You know, the question about wombats is interesting and valid. But the answer is not as cut and dried as you seem to think. Let's back up a bit.
Let's assume we have a prehistoric wombat with a pouch that is right-side-up You could imagine that there are a few options for a new mother. She could deal with the problem of storing her young behaviorally. In other words, baked in instinct could be compensate for the poorly oriented pouch.
But it is also possible that she has specially developed muscles to hold her brood in the pouch while she is upside down. Now maybe this holding isn't perfect, maybe infants have a 50% chance of falling out..In this scenario, it's very possible that over evolutionary time, the orientation of the pouch changes. and the opening slowly rotates until it is completely upside down.
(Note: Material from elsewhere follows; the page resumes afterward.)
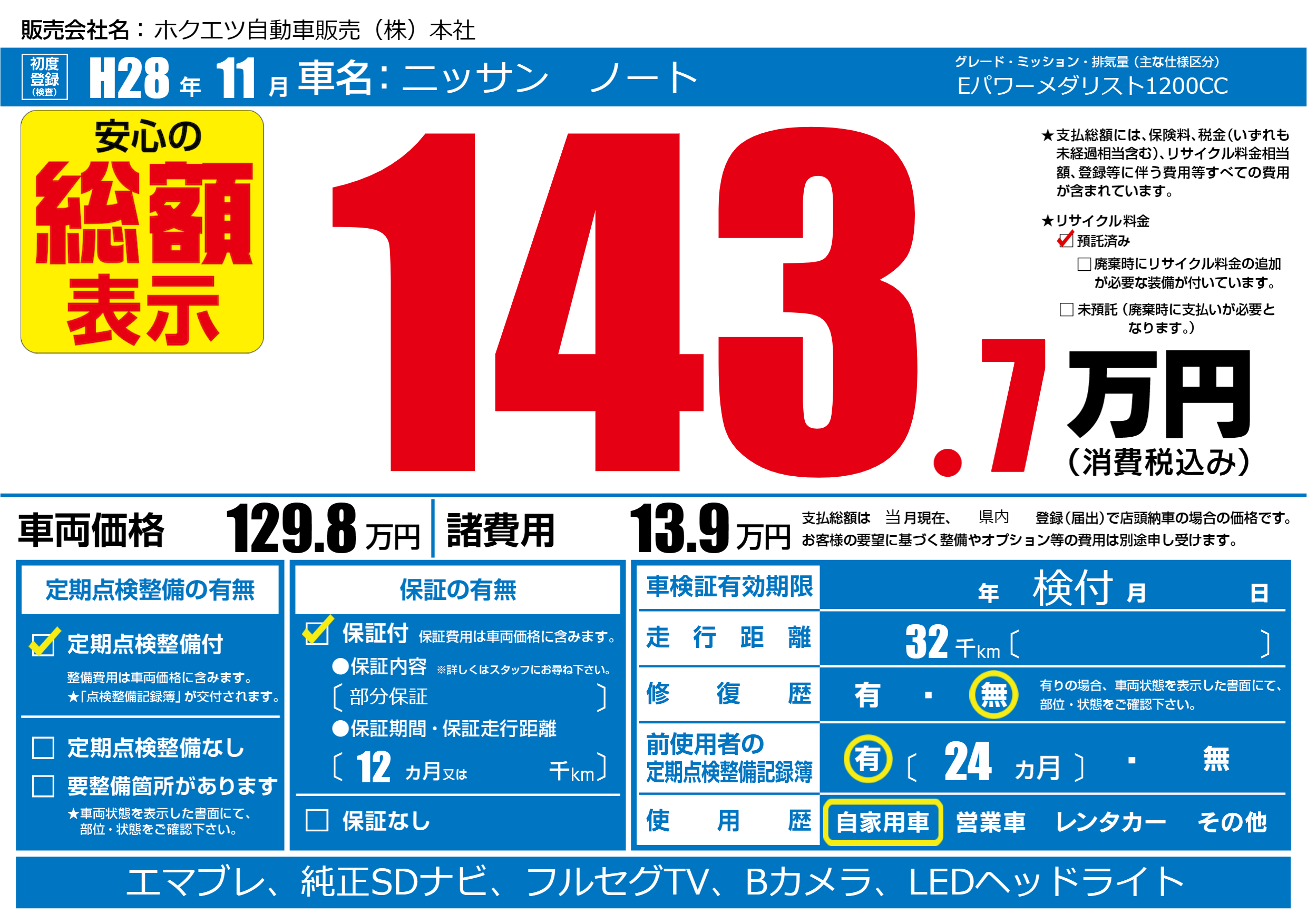 | 車名 | ニッサン ノート | グレード ミッション 排気量 |

Now although I 've studied evolution in general, I don't know the specific answer to this. But I would guess that somebody is looking at the problem and trying to figure out exactly how the opening evolved that way. One way this could be done is through comparative anatomy.
But back to ID and why it is discounted in the world of grown up science. The difference here is that real science takes a problem like this and tries to figure out what the answer is through various means. What ID does is find something odd like this decide that the only way it could happen is for God to have done it, and then go out for pizza.
Basically you are arguing that the wombat pouch is irreducibly complex. But how do you demonstrate that it is. How do you prove that it could not have evolved. Just off the top of my head I have proposed a mechanism for such evolution. And I'm guessing that somebody with more expertise with wombats has a better answer than I do.
Irreducible complexity has yet to be demonstrated. And until it is demonstrated, ID is not a science.